Das Lentivirus-Partikel verschmilzt mit der Wirtszellmembran und setzt das Plasmid frei, das sich schließlich in das Genom der Wirtszelle integriert, um die CRISPR-Cas9-BE-Gensegmente zu bilden. Diese Gene erzeugen eine BRCA1-targeting-gRNA, eine Cas9-Endonukompaktase und eine BE-Cytidin-Desaminase.

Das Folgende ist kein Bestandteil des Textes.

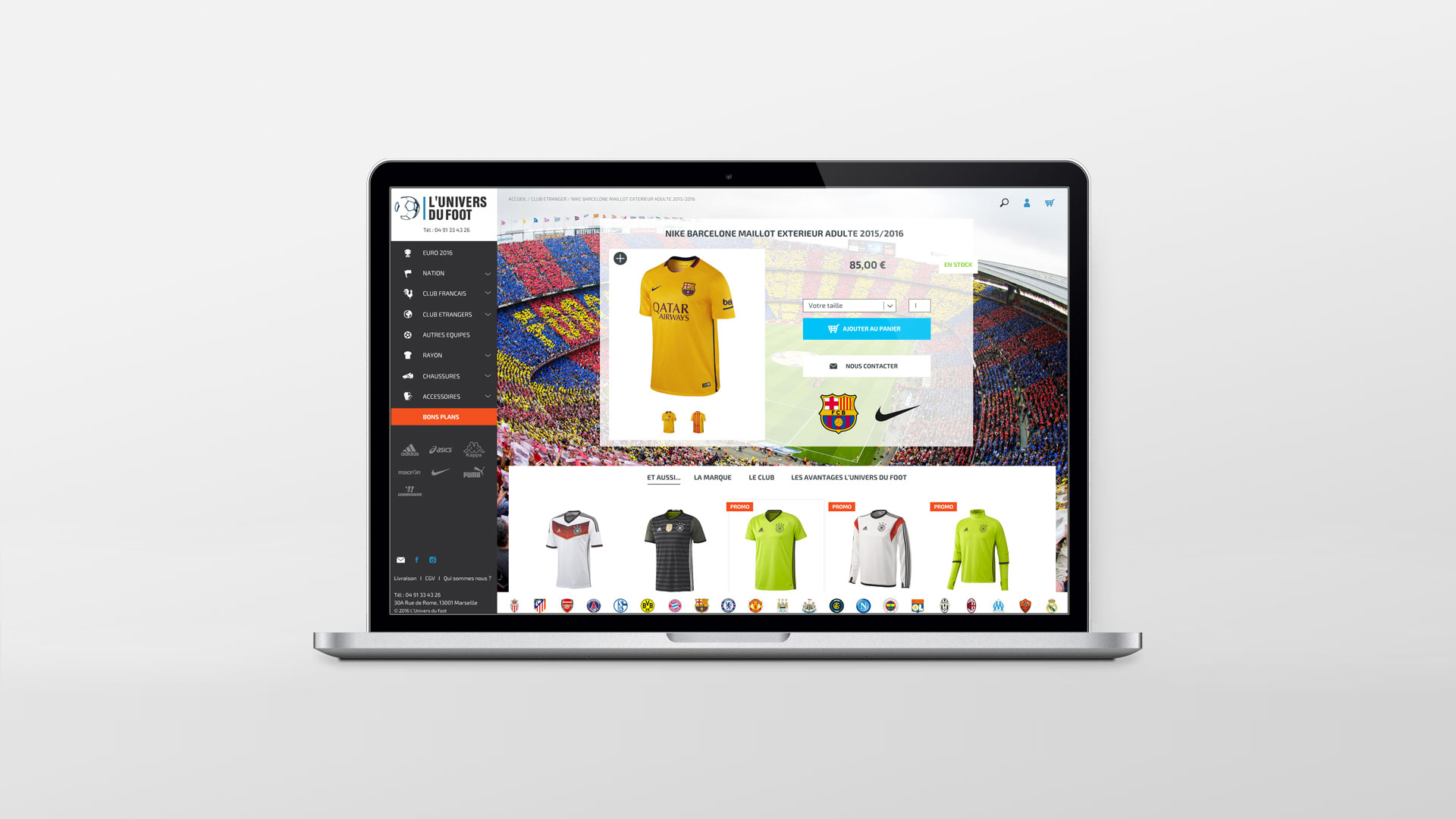 Création de la 2e version de l’eshop Univers du Foot, boutique d’accessoires à Marseille.

Die BRCA1-targeting-gRNA ist eine RNA, die mit Cas9 fusioniert und den Komplex zum BRCA1-Genlocus leitet. In der Nähe dieses Gens befindet sich ein Protospacer Adjacent Motif (PAM), an dem BE stabil andocken und sich stromaufwärts bewegen kann, um seine aktive katalytische Region zu erreichen. Hier erkennt der BE eine Cytidinbase und wandelt sie in Uridin um.

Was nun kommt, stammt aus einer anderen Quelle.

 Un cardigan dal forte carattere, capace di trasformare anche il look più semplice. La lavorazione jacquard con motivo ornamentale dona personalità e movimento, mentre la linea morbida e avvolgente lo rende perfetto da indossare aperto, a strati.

Diese Basensubstitutionsmutation löst die Cas9-Nuklease aus, um den unmodifizierten DNA-Strang zu durchtrennen. Der Bruch des DNA-Strangs aktiviert Reparaturenzyme, die die fehlende Base auffüllen und Uracil, eine Nicht-DNA-Base, in Thymin umwandeln. Insgesamt erzeugen diese Prozesse eine Genvariante.
Inkubieren Sie nun die Zellen unter physiologischen Bedingungen und in Subkultur, um die Genvariante zu vermehren. Extrahieren Sie genomische DNA und sequenzieren Sie sie, um die Effizienz der CRISPR-vermittelten Baseneditierung zu analysieren.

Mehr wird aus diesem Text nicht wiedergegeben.